Дядя Коля посмотрел на меня как на умалишённого.

— Уставать стал...

На кухне в его антикварном буфете всегда стояла начатая бутылка коньяка или водки. Что я мог для него сделать? Может быть, ему хотелось поговорить с кем-нибудь. А был только я, непьющий студент, занятый своей жизнью.

Дядя Коля прожил в Питере неполных два года. Врачи только под конец поставили истинный диагноз.

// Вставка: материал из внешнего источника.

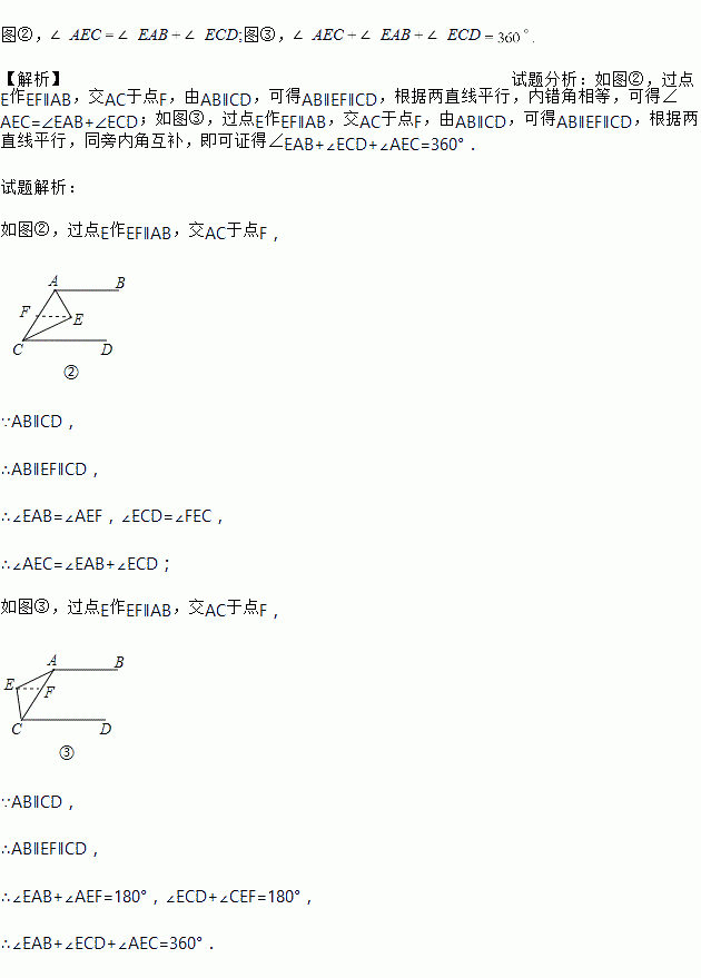 如图,已知AB ,在AB,CD之间取一点E,连接EA,EC,试探索![]()

Однажды, приехав с институтской практики, я застал дома маму.

— А Николай Иванович умер, — сказала она сразу, чтобы погасить мою радостную улыбку.

— Как?..

— Да, Петичка, нет больше нашего соседа. Уже две недели... В больнице. От рака крови.

— А ты как узнала?

— Письмо от него получила, — мама заплакала, — написал приезжай мол, Петровна, а то комната пропадёт. Его комната. Ты-то на практике... И в больнице всё про комнату говорил. С обычными своими смешками. Шутил всё. Даже расчёты сделал похоронных денег. Ходила доверенность оформляла. А ему хоть бы что. Я чуть умом не тронулась. Плачу, а ему всё смешно, успокаивает. Говорил, что он нужен в будущей жизни, поэтому его Бог прибирает.

Мама через некоторое время опять уехала в деревню. Я ещё долго не решался осваивать «унаследованную» нами комнату дяди Коли. Мама там ничего не тронула.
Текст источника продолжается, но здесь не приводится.